Religious, bishop meet to share needs of the diocese

CHAPIN — The religious men and women of the Diocese of Charleston gathered at Our Lady of the Lake Church in Chapin Feb. 21, for their annual meeting with Bishop Robert J. Baker. They came to share information and learn more about the local and overall needs of Catholics in South Carolina.

The event began as always with a Mass, followed by a short session, lunch and an afternoon open forum.

The homilist for the Mass was Franciscan Father Paul William, pastor at St. Martin de Porres Church in Columbia, who not only represented a priest from a religious order but also was one of the religious jubilarians.

In his homily he spoke about the Gospel reading when Jesus tells his disciples, “Whoever wishes to come after me must deny himself, take up his cross and follow me.”

He said that religious have a strong sense of this scripture passage because their lives have been filled with sacrifice and self-giving.

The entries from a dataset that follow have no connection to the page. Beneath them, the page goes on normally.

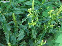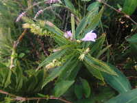 | 多年草 草丈:60cm〜80cm 花期:8月 生育場所:庭、道ばたなど 特徴及び名前の由来:薄紫色の虎の尾のような大きな花穂を付ける。園芸品種が野生化。 |
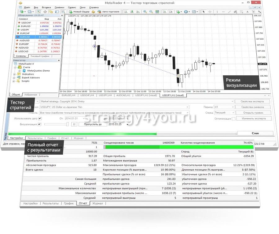 Главные достоинства тестера стратегий:
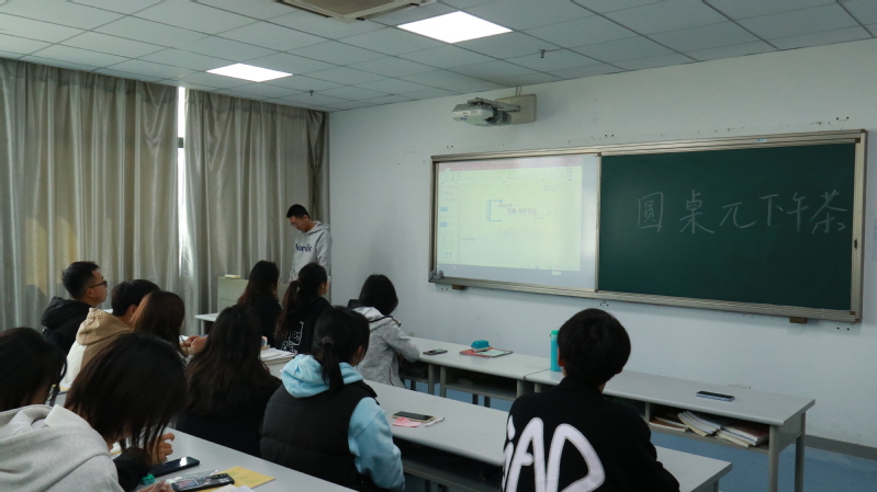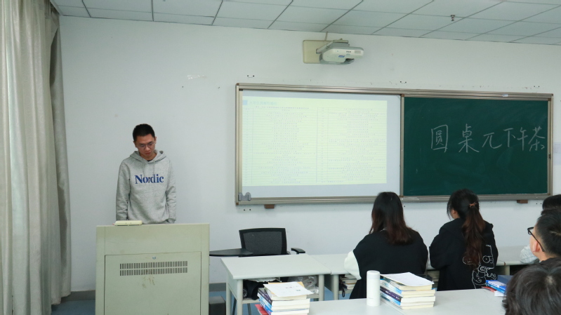 于逸夫楼311教室举办圆桌π下午茶——国奖获得者经验分享会。本次分享会由院学生会科创部部长罗子昂主持,国家奖学金获得者张强、李娜主讲。

“Even though we are being asked to take up the cross, in the end is the resurrection,” he said. “The promise is that if we persevere, we will reign with Christ for all eternity in the New Jerusalem.” He also described how Christ will be waiting for them as the bridegroom waits for his bride.

“Persevere because the hardships we faced today are nothing compared to the glory of heaven,” the Franciscan said encouragingly.

Toward the end of Mass, the jubilarians present were recognized: Sister Carmelita Boyd, OLM; Sister Stella Breen, OSF; Sister Stella Maris Craven, OLM; and Sister Mary Reinhart, CSJ, who all celebrate 50 plus years. Father William was recognized for 25 years of religious service.

“It was a lovely liturgy and a lovely day, ” said Our Lady of Mercy Sister Rosemary Boyd, the biological sister of Sister Camelita. “The meeting was very interesting. The bishop gave us an overview of the needs of the diocese, and we shared our suggestions.”

One of the topics Bishop Baker discussed was initiatives for the Year of the Rosary. A committee has been formed to organize diocesanwide events.

He also mentioned a need for everyone to clearly articulate the message of a culture of life in order to oppose a culture filled with materialism and consumerism.

Prompted by a recent talk given by Pope John Paul II during the World Day of the Sick on Feb. 2, Bishop Baker reiterated the pope’s concerns that a materialistic society tends to marginalize the sick, elderly and unborn, placing their dignity and lives in danger.

In areas of health care where the presence of religious women is significant, much can be done in defending life “when it is most seriously threatened,” according to the Holy Father.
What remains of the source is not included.